One reason that a novel like Jazz is difficult to read is that it is not narrated by the “wise-weary” woman that most readers assume it is, as explained in a past post from October 24, 2013, which quotes Morrison:
Who Wrote Toni Morrison’s Jazz?
In a previous post, I quoted Toni Morrison as saying that her characters are autonomous, but she keeps them under control, since, ultimately, it is her novel, not theirs. In terms of multiple personality, the narrator is Toni Morrison, and the characters are her autonomous, alternate personalities.
However, according to Toni Morrison, she was not the narrator of her novel, Jazz. In other words, both the characters and the narrator were autonomous, alternate personalities. To quote Toni Morrison:
“So, when I was thinking of who was going to tell this story…I was looking for a voice…

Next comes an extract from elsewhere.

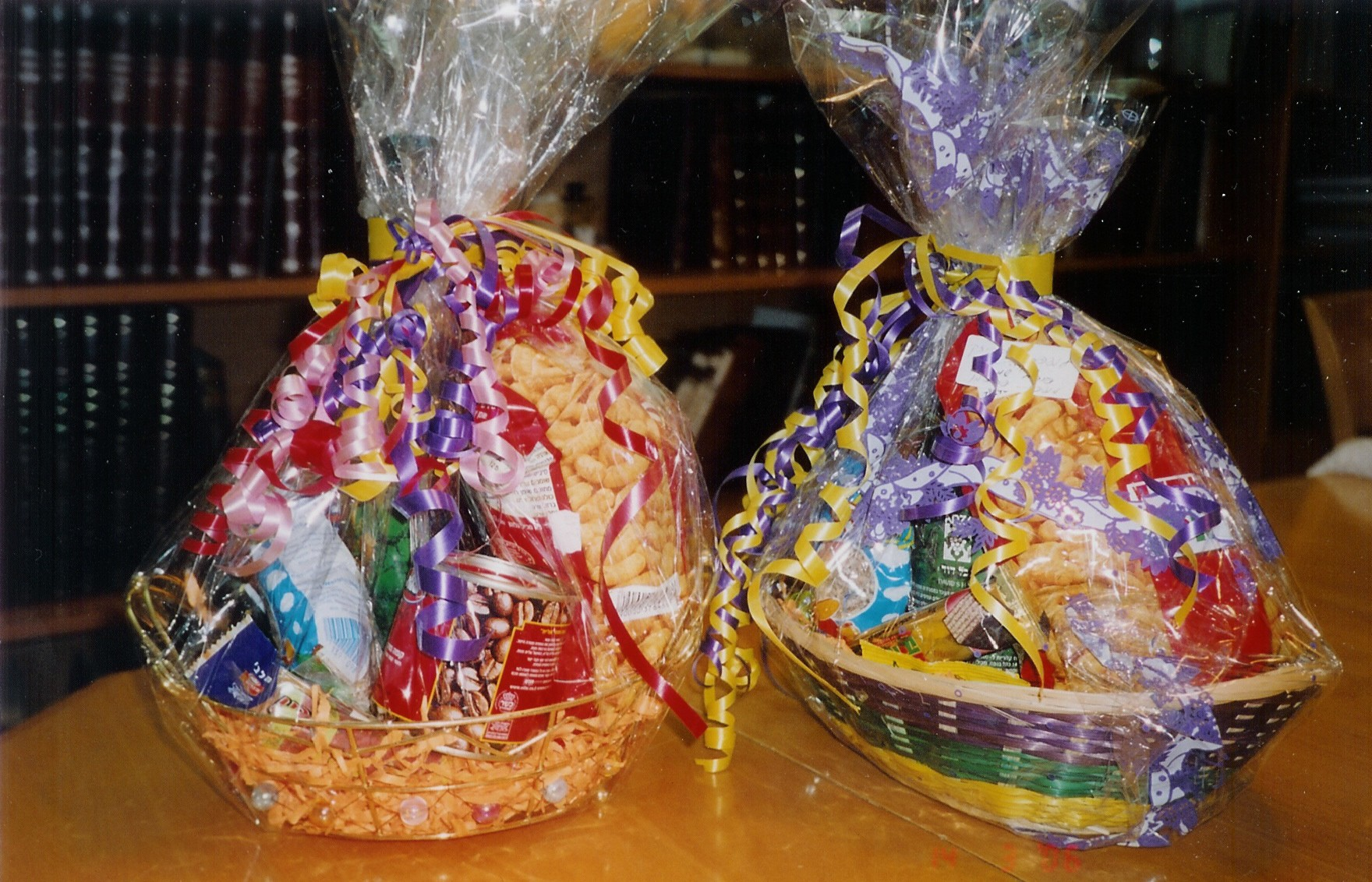 Two baskets of Purim mishloach manot. Photo by Yoninah 01:00, 21 March 2006 (UTC), taken on March 14, 2006.

“So, then the voice realizes, after hearing other voices, that the narrative is not going to be at all what it predicted. The more it learns about the characters (and they are not what the voice thought), it has to go on…I’ve done this in other places but not as radically as here. The thing is, I could not think of the voice as a person; I know everybody refers to “I” as a woman (because I’m a woman, I guess), but for me, it was very important that the “I”…never sits down, it never walks, because it’s a book. The voice is the voice of a talking book…It’s a book talking, but few people read it like that…

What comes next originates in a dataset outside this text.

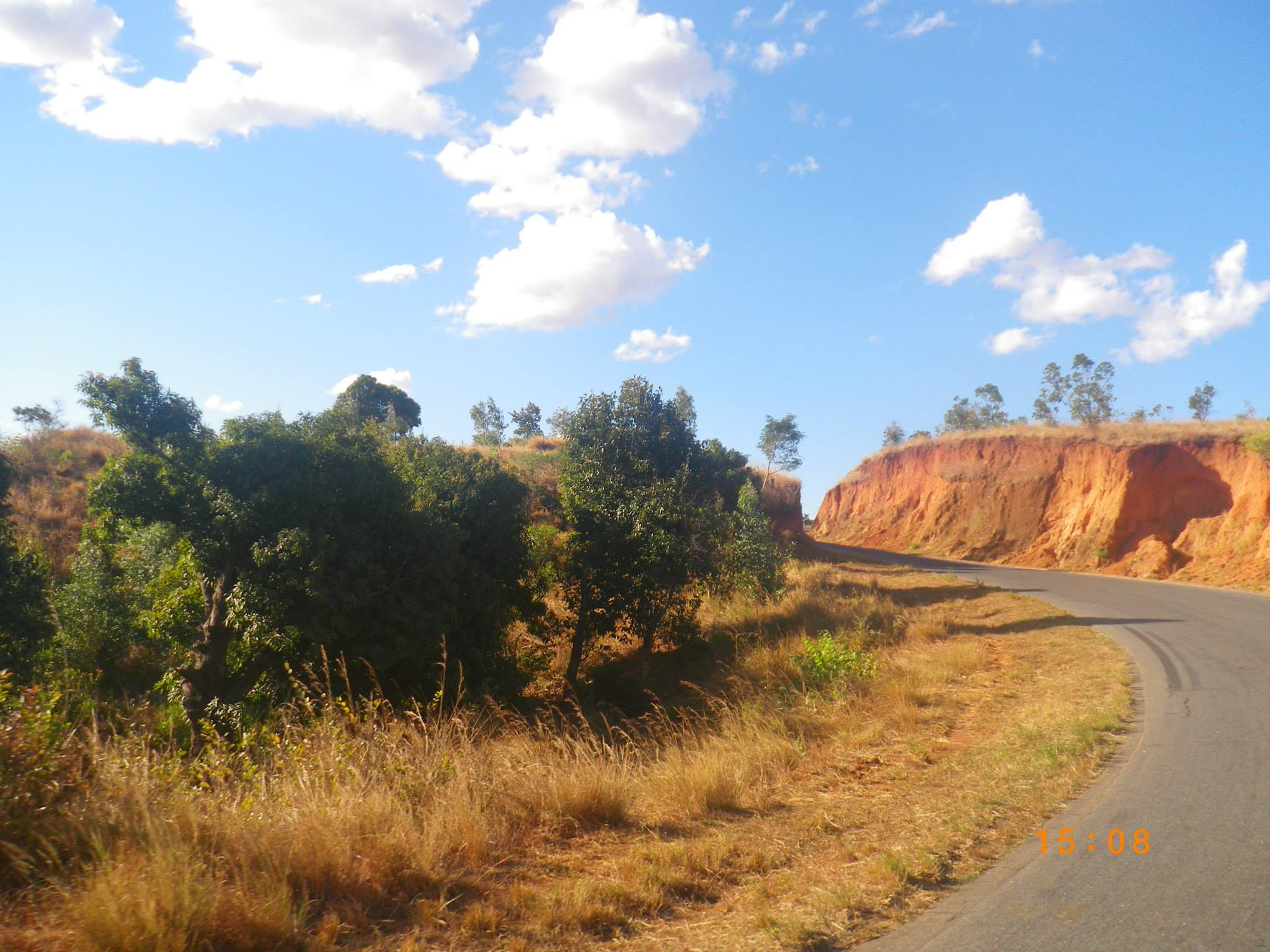 This is an image with the theme "Play" from: Madagascar

“…so no one’s in control.”
So, who wrote Jazz? According to Toni Morrison, it was, subjectively, psychologically, not Toni Morrison. It was, call it what you will—a voice, a book, an alternate personality—a psychological entity other than the one who goes by the name of Toni Morrison.
I am writing this blog, because when writers say things like that, most people don’t hear and respect what they say. But I do. And I hope you will, too.
1. “Nobel Laureate Toni Morrison Speaks about Her Novel Jazz,” an interview by Angels Carabi, 1993. Reprinted in Toni Morrison: Conversations, edited by Carolyn C. Denard, University Press of Mississippi, 2008, pp. 91-97.
October 23, 2013
Pervasive Split Personalities
quotes are from Dangerous Freedom: Fusion and Fragmentation in Toni Morrison’s Novels. Philip Page. Jackson, University Press of Mississippi, 1995.
“The trauma of racism is...the severe fragmentation of the self” (Morrison, “Unspeakable”) (p. 26).
“With her exploration of splitness, Morrison renders the dividedness of the American and African-American cultures: objects are split, bodies are split, psyches are split, families are split, neighborhoods are split, a race is split, a nation is split” (p. 31).
“...the African-American perspective is always at least double, and because the American cultural body is always already fragmented, the American consciousness is inevitably multiple, and the human condition is caught in the endless play of alternatives” (p. 36).
“Pecola [The Bluest Eye] is thus driven to the double division of a split personality and a pariah. Since to a lesser degree most other characters suffer the same double division, the novel implies the inevitability of this pattern: intense external forces (especially racial, economic, and familial) severely strain the characters’ personalities, and in turn those divisions within characters tend to divide them further from others” (p. 51).
“Echoing the other splits, the narration is split among multiple voices.” (p. 53)
“The attempted fusion with another person is most fully exemplified in Sula and Nel’s relationship..Sula and Nel’s near merger into one consciousness …they have difficulty distinguishing one’s thoughts from the other’s…” (p. 68).
“With his multiple identities, Son is a trickster figure, Morrison’s most recognizable one (p. 122)...Having so many identities that he ‘did not always know who he was’…” (p. 124)...Tar Baby is a polyphonic novel (Butler-Evans; Paquet) that has multiple centers and central characters (Rigney) and in which each character seems to have multiple selves (Kubitschek) (p. 132).
Of course, as readers of this blog know, multiplicity is neither unique to Morrison nor a product of postmodernism, since it pervades Dickens, too (see June 2013 post) and is an issue with most novelists to one extent or another.